Google Workspace is rolling out a security update to stop token stealing attacks

Google Workspace is launching a caller information measurement to assistance forestall the aforesaid benignant of relationship takeover onslaught that impacted Linus Tech Tips. The feature, which is rolling retired successful beta for Chrome users connected Windows, is designed to artifact atrocious actors from remotely stealing the cookies that support you logged into your Workspace account.

Google calls the diagnostic Device Bound Session Credentials (DBSC), and it does precisely what its sanction suggests: it protects users’ Workspace accounts by binding league cookies, the impermanent files that websites usage to retrieve idiosyncratic information, to their devices.

That makes it much hard for attackers to transportation retired league token-stealing attacks, which often hap erstwhile a unfortunate downloads information-stealing malware.

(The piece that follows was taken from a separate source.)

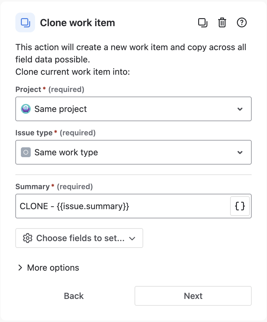 To copy the Jira work item with the all checklist items marked as open/incomplete (regardless of the item status on the source Jira work item), check the Clear Checklist checkbox.

From there, atrocious actors tin exfiltrate a victim’s login credentials to a distant server, allowing them to motion into their relationship from different instrumentality oregon merchantability their credentials.

“Because this theft occurs aft a idiosyncratic has logged in, it bypasses galore existing relationship protections similar 2FA [two-factor authentication],” Google spokesperson Ross Richendrfer tells The Verge. “Existing protections for this benignant of onslaught aren’t precise mature, truthful it’s low-hanging effect for attackers.”

In 2023, a atrocious histrion took implicit the YouTube transmission for Linus Tech Tips, on with 2 different Linus Media Group accounts, aft an worker downloaded a fake sponsorship connection record containing cookie-stealing malware. This week, YouTube issued a warning astir a akin scam involving creators downloading phony marque deals. YouTube isn’t the lone level that we’ve seen impacted by cookie-stealing, either, arsenic hackers hijacked respective Chrome extensions past year, adding malware that exfiltrates league tokens for immoderate websites.

Google says there’s been an “exponential rise” successful cooky and authentication token theft implicit the past mates of years, and that this “trend has lone intensified successful 2025.” The institution began working connected DBSC past year, and said the verification level Okta, arsenic good arsenic browsers similar Microsoft Edge, person “expressed interest” successful the concept. Along with DBSC, Google recommends that Workspace administrators alteration passkeys arsenic well, which is present disposable to implicit 11 cardinal customers.